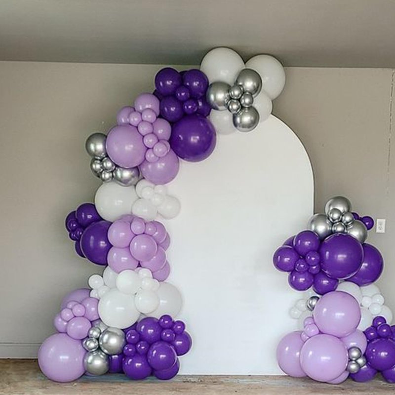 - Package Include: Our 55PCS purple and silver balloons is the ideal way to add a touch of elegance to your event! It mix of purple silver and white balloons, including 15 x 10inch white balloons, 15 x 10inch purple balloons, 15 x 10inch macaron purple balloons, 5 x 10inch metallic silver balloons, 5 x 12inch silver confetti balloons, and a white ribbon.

+--

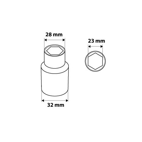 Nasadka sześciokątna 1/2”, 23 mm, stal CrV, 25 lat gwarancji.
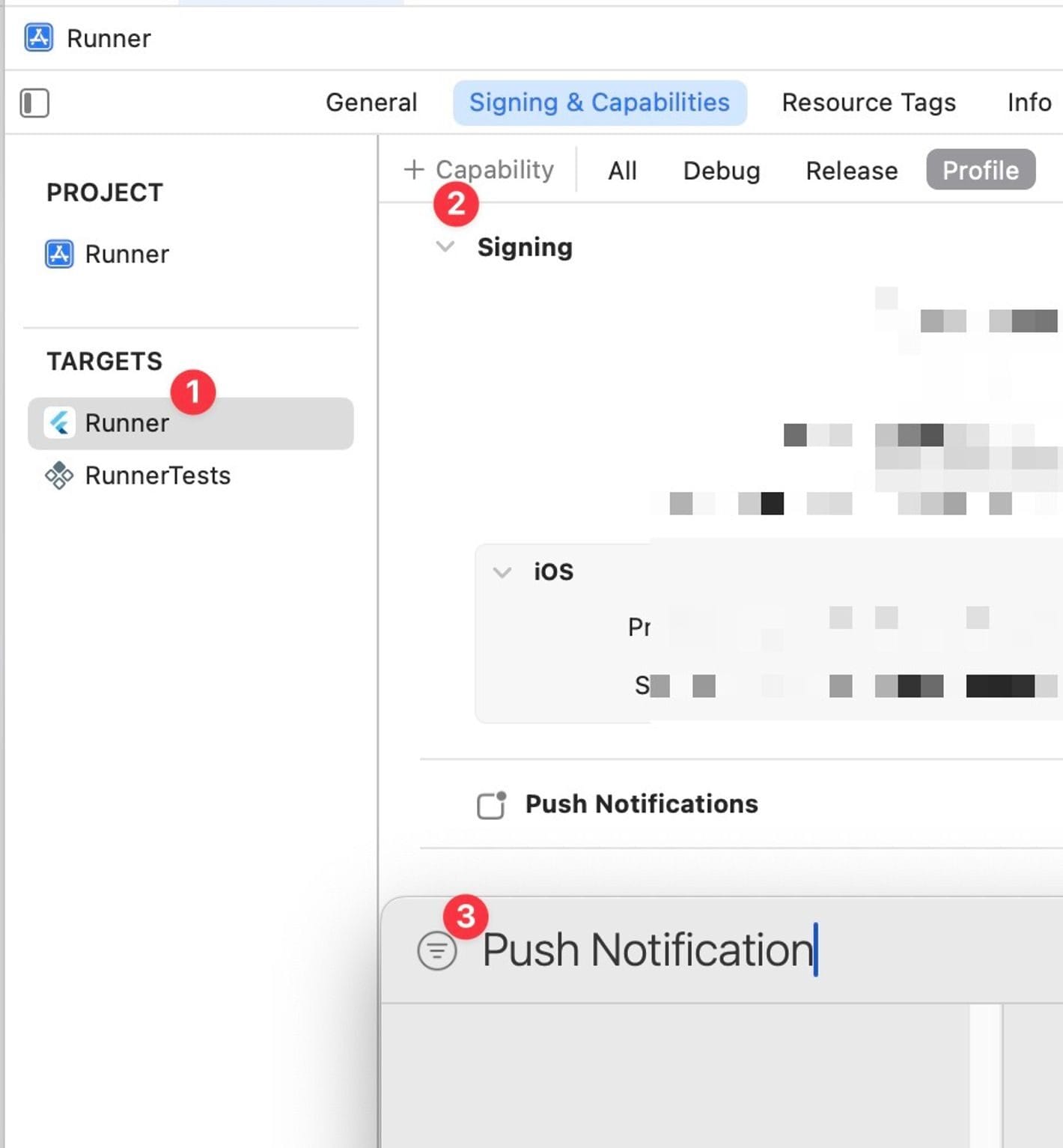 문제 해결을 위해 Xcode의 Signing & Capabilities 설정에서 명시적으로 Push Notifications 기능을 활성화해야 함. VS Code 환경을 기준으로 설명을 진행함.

+--

Exercise description :: Write out exactly the run of lines above that starts at the line containing "25 lat gwarancji." and ends at the line containing "문제 해결을 위해 Xcode의". Include both, and leave the pictures out.

Your solution ::
 Nasadka sześciokątna 1/2”, 23 mm, stal CrV, 25 lat gwarancji.
 문제 해결을 위해 Xcode의 Signing & Capabilities 설정에서 명시적으로 Push Notifications 기능을 활성화해야 함. VS Code 환경을 기준으로 설명을 진행함.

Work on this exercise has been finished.